Type Journal Article - Food Policy
Title Modelling of potential food policy interventions in Fiji and Tonga and their impacts on noncommunicable disease mortality
Author(s)
Volume 36
Issue 5
Publication (Day/Month/Year) 2011
Page numbers 597-605
URL http://dro.deakin.edu.au/eserv/DU:30042721/snowden-modellingofpotential-2011.pdf
Abstract
Background: To compare the likely costs and benefits of a range of potential policy interventions in Fiji and Tonga targeted at diet-related noncommunicable diseases (NCDs), in order to support more evidence-based decision-making.

Method: A relatively simple and quick macro-simulation methodology was developed. Logic models were developed by local stakeholders and used to identify costs and dietary impacts of policy changes. Costs were confined to government costs, and excluded cost offsets. The best available evidence was combined with local data to model impacts on deaths from noncommunicable diseases over the lifetime of the target population. Given that the modelling necessarily entailed assumptions to compensate for gaps in data and evidence, use was made of probabilistic uncertainty analysis.

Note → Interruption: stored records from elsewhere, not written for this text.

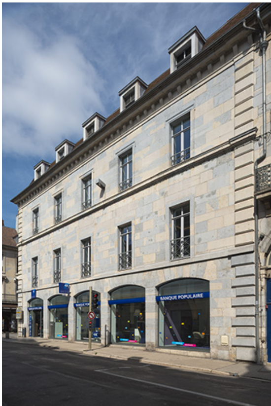
Façade rue de la République, vue de trois quarts droite.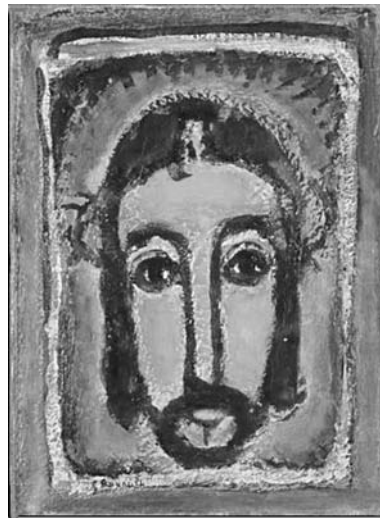
Figura 2: La Santa Faz, 1946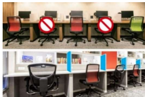
感染症対策 イメージ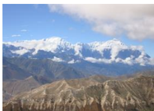
Tange (3344 m) 📍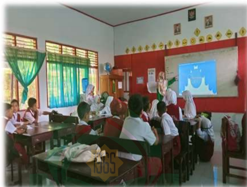
Gambar 1.3 (Menampilkan Vidio Pembelajaran Materi Operasi Hitung Campuran Bilangan Bulat)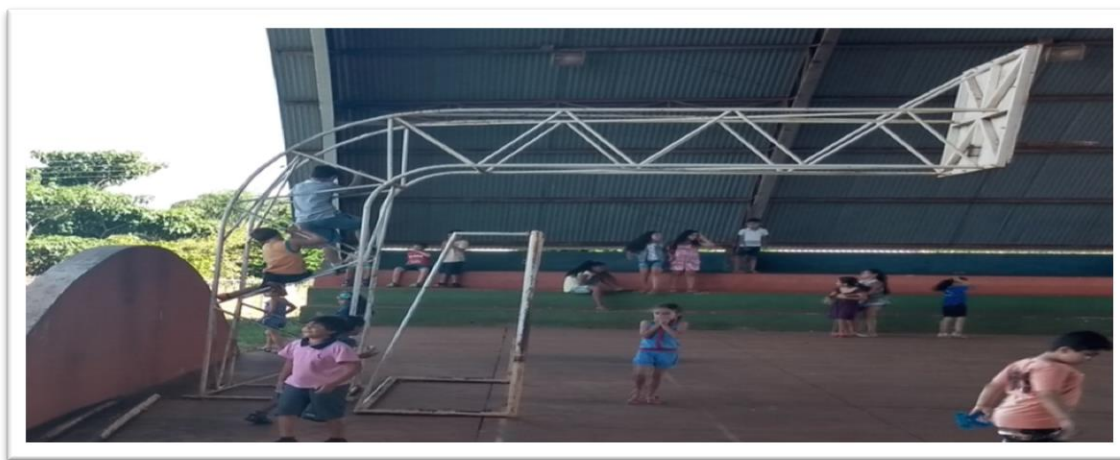
Figura 12: “O negócio da quadra”

Porque... (explicação) sabe aquele negócio do basquete? Tem aquele negócio lá, que se você subir lá... pode quebrar a cabeça e o braço. Vai que alguém vai lá, sobe lá em cima e morre!? A culpada é a diretora. (Entrevista com crianças, 2018).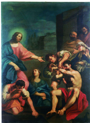
La resurrezione di Lazzaro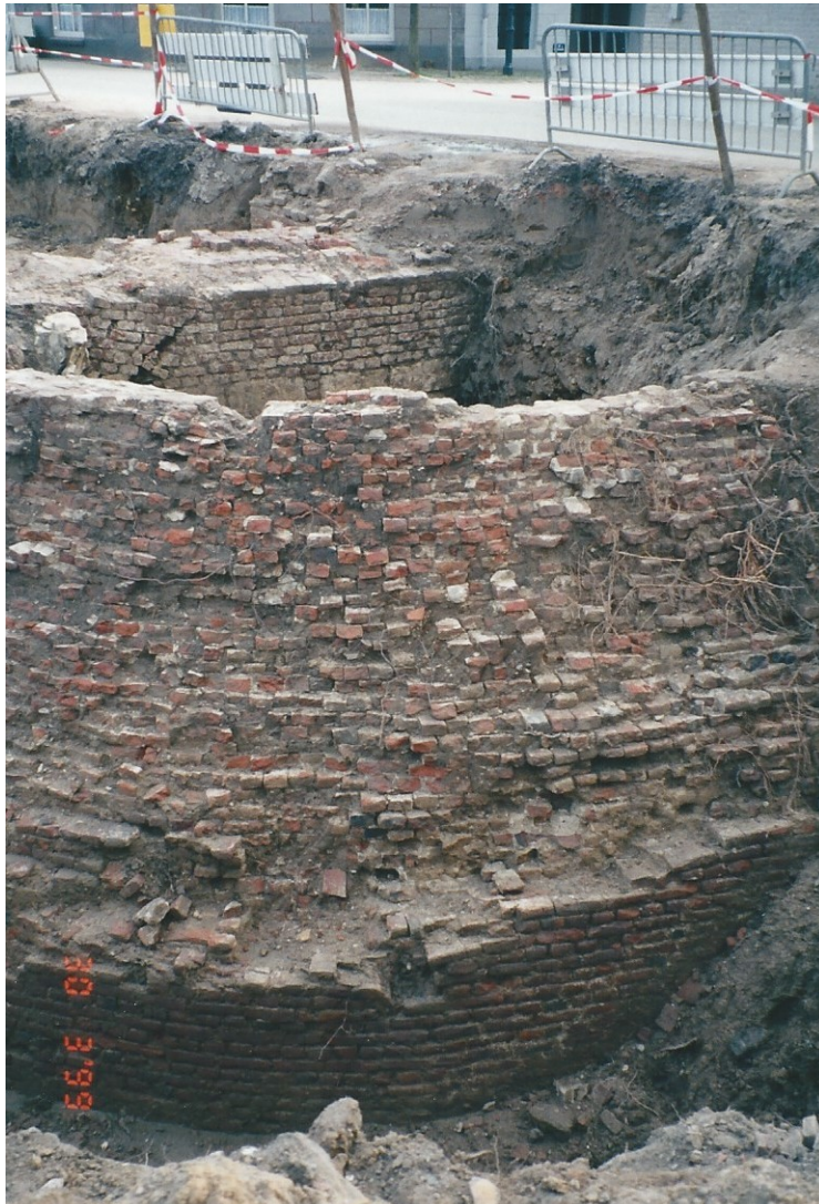
Het Bokrondeel tijdens de opgraving in 1999

gedeeltelijk ontmanteld, waardoor de oorspronkelijke vorm van de buitenzijde moeilijk te reconstrueren is.

Results: Costs of implementing policy changes were generally low, with the exception of some requiring additional long-term staffing or construction activities. The most effective policy options in Fiji and Tonga targeted access to local produce and high-fat meats respectively, and were estimated to avert approximately 3% of diet-related NCD deaths in each population. Many policies had substantially lower benefits. Cost-effectiveness was higher for the low-cost policies. Similar policies produced markedly different results in the two countries.

Conclusion: Despite the crudeness of the method, the consistent modelling approach used across all the options, allowed reasonable comparisons to be made between the potential policy costs and impacts. This type of modelling can be used to support more evidence-based and informed decision-making about policy interventions and facilitate greater use of policy to achieve a reduction in NCDs.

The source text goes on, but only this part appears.